Australian business is out-sourcing more and more work. Contractors must develop and submit detailed Safety Management Plans including details on how they are going to carry out their work safely as part of the tendering process. This information must be pre-qualified as part of letting tenders. A contractors safety handbook and induction training program may be required.

24 OHS Policy

A dynamic policy statement that is freely distributed throughout the organisation, actually known by employees and actually referred to when making decisions about safety is required. What the policy says will happen must happen in the real world or cynicism will reign supreme. Traditional safety policies may be better replaced with statements of beliefs or values about safety that can be used as a basis of decision-making.

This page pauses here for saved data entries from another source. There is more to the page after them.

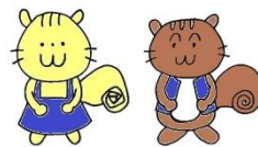
たまかわ校マスコット ありす&りすた

8月に入り、なお暑い日が続いています。子どもたちは、どんな夏休みを過ごしているのでしょうか？気になるところです。事故や病気、怪我なく、楽しく元気に夏休みを満喫してほしいと思います。第2学期の始業式に子どもたちに会えるのが楽しみです。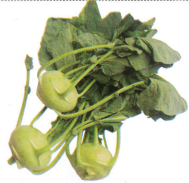
நோக்கோல் Knol Khol நோக்கோல்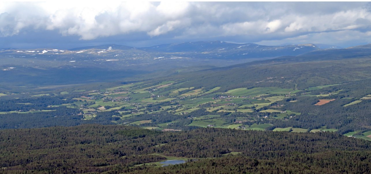
Oversiktsfoto fra sør med Østgarden og vegen til Setersjøen til høyre, Breen midt på bildet og Vangen i nord hvor Kjurudalen går inn til høyre.

Folketallet og virksomheten i Dalsbygda fortsatte og vokse ut over i middelalderen. Nye bruk ble rydda, og tilsvarende nye navn som for eksempel Haugen, Eggen og Åsen kom til. I tillegg ble opphavsgårdene delt opp, og en fikk en ny navnetype, delingsnavn. I Breen ble det Fremstu, Nordstu, Utstu og Øststu. På Berg ble det Storstu og Bortiststu. På Vangen ble det Øfstu og Utiststu. På Aker ble det også deling. Tilsvarende ble det på grunn av klimaendring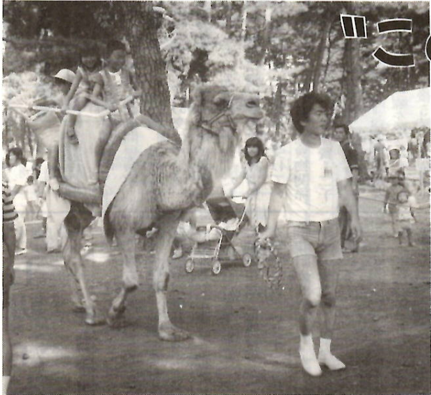
夏休みも終盤、ビッグイベントで思い出づくり

恒例のホリデーイン前橋も今年で十二回目。今回は「このゆびとまれ」を合い言葉に、市民の手作りのお祭りとして開催します。親子で、友達と一結に有意義な一日を過ごしましょう。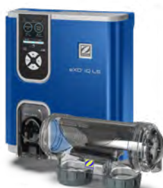
eXO® iQ LS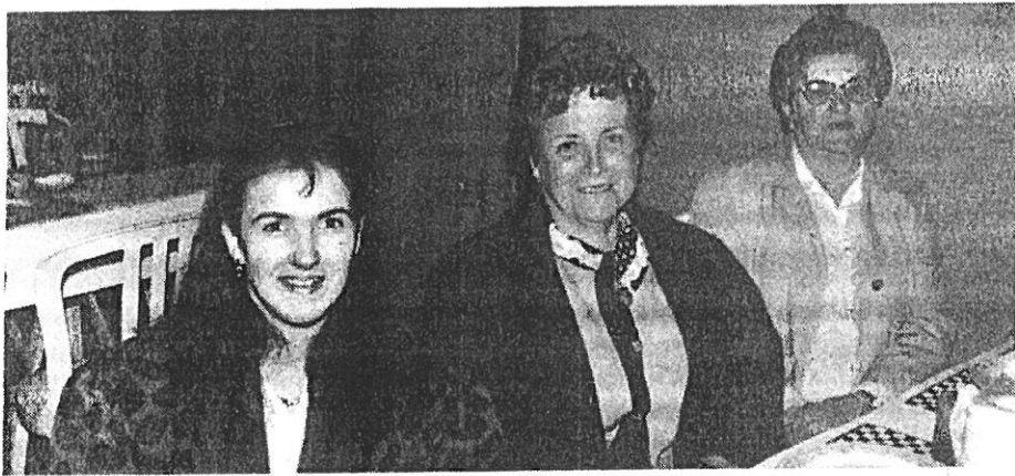
Ducasse 1994 (12 Octobre)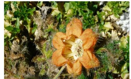
Flor de las alturas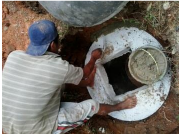
Gambar 4. Pemasangan Tutup lubang penampungan dan serapan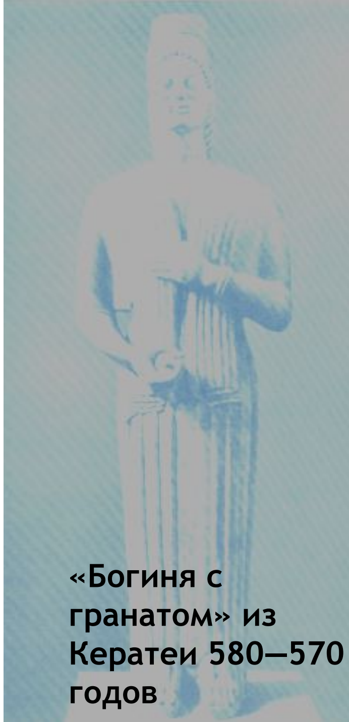
«Богиня с гранатом» из Кератеи 580—570 годов

25. Role of the safety professional

Short-sighted companies think they employ safety people and these people will look after safety. The more progressive companies often do not have many dedicated OHS personnel, management and supervisors are so well trained and effective in safety that few dedicated safety personnel are required. Safety personnel should report to the senior officer so the function has some chance of being perceived as being of importance. The danger when you have too many safety people is that line management gets the safety people to manage safety not themselves. Safety is a line management function and safety personnel should be seen as specialist adviser

26 Leadership

Excellent safety management systems demand excellent safety leadership ,formal and informal leaders need to be trained in this. Safety management often requires unpopular decisions by leaders, do not shrink from demanding high safety standards from all those around you, take positive action with those who do not meet expectations.

27 Claims Management

Speedy and efficient claims processing and review of claims experience is important as is timely injury management. Rehabilitation programs can significantly reduce the period employees are on workers compensation. Early intervention, good communications between relevant parties, accurate functional capacity assessment, sensitive case management and a willingness to identify meaningful alternate duties seem to be the keys to success with rehabilitation.

28 Employee Assistance Programs (EAP)

Employees bring a whole range of problems to work that impact significantly on their ability to work safely & efficiently. EAP’s have proven their worth in many companies. It is suggested safety personnel and human resource management personnel have basic skills in counseling, in particular the skills of reflective listening are very appropriate.

29 Safety Incentives

Heresy and rumour says safety incentive schemes based on accident experience work. Despite wide reading on this topic the author has identified no robust empirical studies that prove this assertion (there is no shortage of emotional reports, with a poor statistical basis that indicate incentives work.) Public recognition from the boss for a job well done will always be appropriate. A recognition scheme that involves the good safety things that are being done is more appropriate than basing safety awards on accident statistics.

30 Get the right people

As with any aspect of management, OHS demands you have the right people. Motivated, caring and intelligent people, well led, can transform any organization. Detailed procedures must be put in place to select, recruit and retain quality people.

Conclusion

The above is quite a simple approach to OHS but detailed implementation of the above will achieve significant improvements. Listen to your people, make significant efforts to seek out their ideas on OHS, reduce the bull-dust that surrounds the safety effort, keep the lines of communication open, act upon good ideas, maintain a good sense of humour, show the troops you are fair-dinkum about safety, use the powerful influence front-line supervisors have on their employees and do not take yourself too seriously! Do not make the mistake of talking to workers about the company safety goals and mission, instead talk about the effects of safety in their immediate work environment. Do not think your safety efforts end when you have written a safe working procedure, procedural controls in isolation are notoriously ineffective.

Focus on “What is in it for me”. You cannot underestimate the power of excellent leadership in OHS.